The federal government’s case against Colony Ridge began in December 2023 when the DOJ Civil Rights Division and the CFPB filed suit alleging a pattern of discriminatory lending. According to the complaint, Colony Ridge used targeted Spanish-language marketing — featuring national flags and Latin music — to attract Hispanic buyers to parcels of largely undeveloped and flood-prone land near Houston. The company then steered these buyers into seller-financed mortgage loans with high interest rates, often without verifying whether the borrowers could actually afford the payments. Between 2017 and 2022, approximately 91 percent of Colony Ridge’s recorded transactions involved at least one Hispanic consumer. The results were devastating for many borrowers.
Roughly one in four Colony Ridge loans ended in foreclosure, a rate that dwarfs the national average. The government argued this was not a coincidence but the predictable outcome of a lending model designed to extract maximum profit from vulnerable buyers. By comparison, conventional mortgage lenders are required under federal law to assess a borrower’s ability to repay before issuing a loan — a safeguard Colony Ridge allegedly bypassed through its seller-financing structure. Texas joined the fight in March 2024 when the state Attorney General filed a separate lawsuit raising similar allegations. The dual federal-state pressure brought Colony Ridge to the negotiating table, culminating in the February 2026 settlement that resolved both cases simultaneously.

How Will the $68 Million Settlement Be Distributed?
The settlement allocates the bulk of its funds — $48 million — toward infrastructure improvements in the communities where Colony Ridge sold land. Of that amount, $18 million is specifically designated for drainage and flooding infrastructure, a direct acknowledgment that many of the parcels Colony Ridge sold were flood-prone and lacked basic protections. The remaining $30 million covers general infrastructure improvements in affected areas.

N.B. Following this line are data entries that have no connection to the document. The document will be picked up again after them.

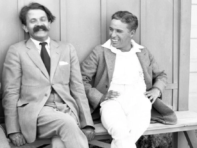 Konrad alături de marele Charlie Chaplin, în 1930, în perioada în care erau prieteni și colaboratori apropiați - Foto: Realitatea Ilustrată/dosaresecrete.ro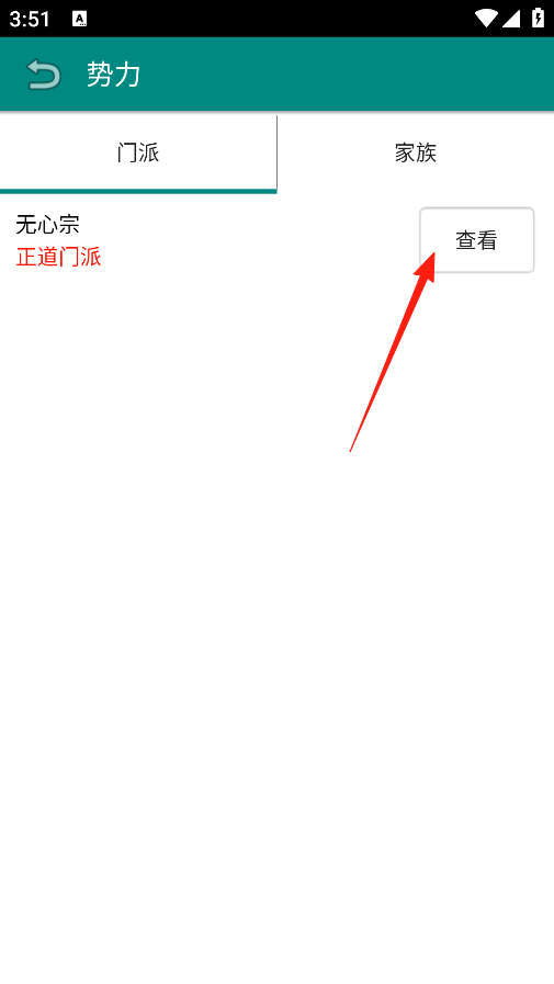 3、在势力界面,有门派和家族两个选项,现在门派里显示无心宗是正道门派,能了解这个门派的详细情况,看看加入后能学到什么功法获得什么资源,方便决定要不要加入这个门派。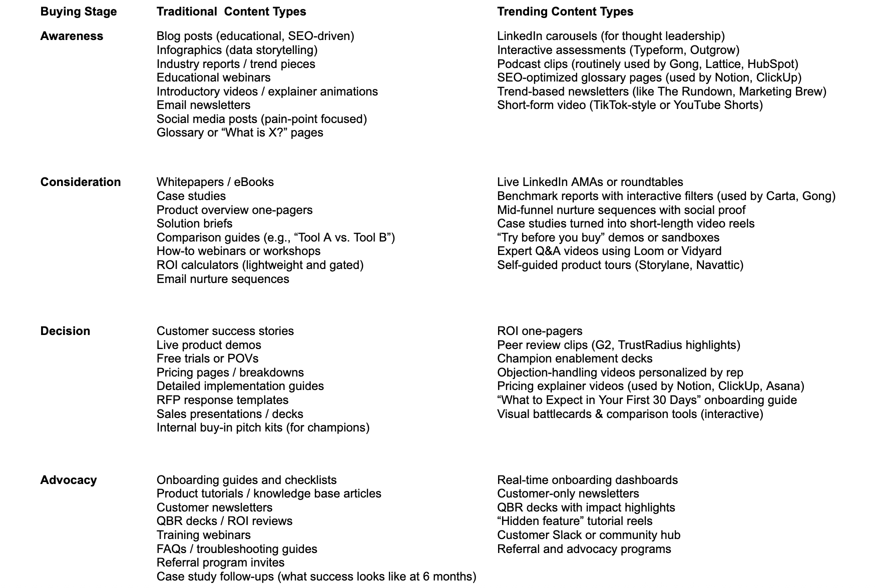 The chart below outlines how different content types map to stage and context. Use it to pressure-test your plan, not to expand your production list.

The other $20 million goes toward law enforcement, including the construction of a new police station and funding for immigration enforcement.
This allocation has drawn criticism from some consumer advocates who argue the money would be better spent on direct relief for borrowers who lost their homes. However, proponents note that the rapid, unplanned development Colony Ridge facilitated created genuine public safety burdens for Liberty County that existing infrastructure could not support. One important limitation: the settlement does not include a direct restitution fund for individual borrowers who lost money or their properties through foreclosure. If you purchased land from Colony Ridge and experienced foreclosure, you are not automatically entitled to a cash payment from this $68 million pool. The settlement does require Colony Ridge to offer relief to customers currently facing foreclosure, but the specific terms and scope of that relief are governed by the settlement agreement’s operational provisions rather than a traditional claims process.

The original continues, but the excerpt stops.